Asked if the payments could therefore happen, he added: ‘There is a big international discussion going on, that’s one of the things happening at Cop27 in Egypt and we’re supportive of discussions going on, that’s the British position.’

In his opening address, the PM will say it is essential countries stick to commitments made in Glasgow if the world is to avoid the worst impact of climate change by limiting warming to 1.5C above pre-industrial levels.

At the same time, he will argue that the transition away from fossil fuels has the potential to drive growth and deliver jobs in the new green industries of the future, while cutting off funding for Russia’s war in Ukraine.

Mr Sunak is expected to say: ‘The world came together in Glasgow with one last chance to create a plan that would limit global temperature rises to 1.5C. The question today is: can we summon the collective will to deliver on those promises?

‘I believe we can. By honouring the pledges we made in Glasgow, we can turn our struggle against climate change into a global mission for new jobs and clean growth.

‘And we can bequeath our children a greener planet and a more prosperous future.
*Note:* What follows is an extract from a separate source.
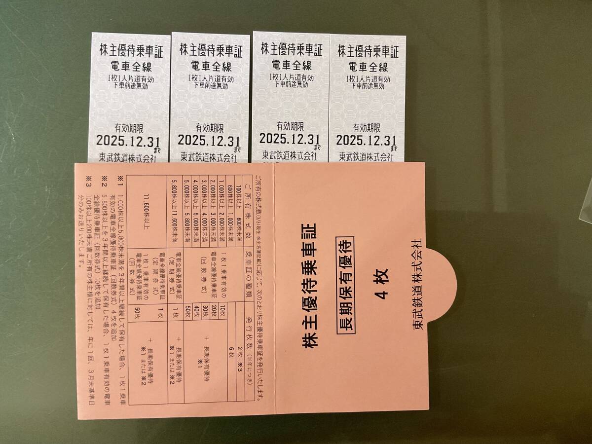 - 東武鉄道 株主優待乗車証 4枚セット 有効期限2025年12月31日 未使用

That’s a legacy we could be proud of.’

Before arriving in Sharm El-Sheikh overnight, the Prime Minister said he wanted the UK to be a leader on the issue.

‘We led the world last year when it came to the Cop we hosted, achieved some very important things, we need to cement our leadership,’ he told The Sun.

‘I want to make sure I’m there flying the flag for the UK, being a leader on these issues.’

He also paid tribute to the role of the King, even though he will not be at the gathering following an agreement between the Palace and former prime minister Liz Truss.

‘He has demonstrated incredible leadership on this issue for a very long time. Even though he is not going to be there in person, I know he will be there in spirit. His leadership and influence will be guiding us,’ he said.

Downing Street said Mr Sunak will announce a further £65.5million for the clean energy innovation facility which provides grants to researchers and scientists in developing countries working on clean technologies – from biomass-powered refrigeration in India to lithium-ion batteries in Nigeria.

The UK is also committing £90million for conservation in the Congo Basin rainforest and £65 million to support indigenous and local forest communities as Mr Sunak launches a new group to track commitments made in Glasgow on deforestation.

Mr Sunak shaking hands with new Italian PM Giorgia Meloni today

Rishi Sunak is in Egypt for the COP27 summit having U-turned on his original decision to to attend

The PM held talks with Emmanuel Macron (pictured today) over the Channel migrant crisis later as he pushes for a new deal

The UK is handing over the baton on the COP summits to Egypt, having hosted the 26th gathering in Glasgow last year

Mr Sunak had originally not intended to travel to Egypt, arguing his priority was to sort out the estimated £60billion black hole in the public finances ahead of Chancellor Jeremy Hunt’s autumn statement on November 17.

But he was forced into what opposition parties called a ‘screeching U-turn’ after coming under fire from within his own party, as well as from environmentalists questioning his commitment to the net zero agenda.

Shadow climate change secretary Ed Miliband said the Prime Minister should now drop plans to issue more licences for North Sea exploration and end the Government’s opposition to onshore wind.

‘Rishi Sunak is the man who had to be dragged kicking and screaming to go to Cop so it’s simply implausible for him to claim the mantle of climate leadership. Rishi Sunak is a fossil fuel prime minister in a renewable age,’ he said.

The latest round of UN climate talks takes place against a backdrop of devastating extreme weather around the world as well as an energy and cost-of-living crisis driven by President Vladimir Putin’s invasion of Ukraine.

The UN has warned that, based on countries’ latest climate action plans, there is currently no credible pathway to meet the 1.5C goal intended to avoid the worst impact of global warming.

Rich countries are also falling short in providing the finance needed to help developing nations adapt to a changing climate and develop cleanly, the UN has warned.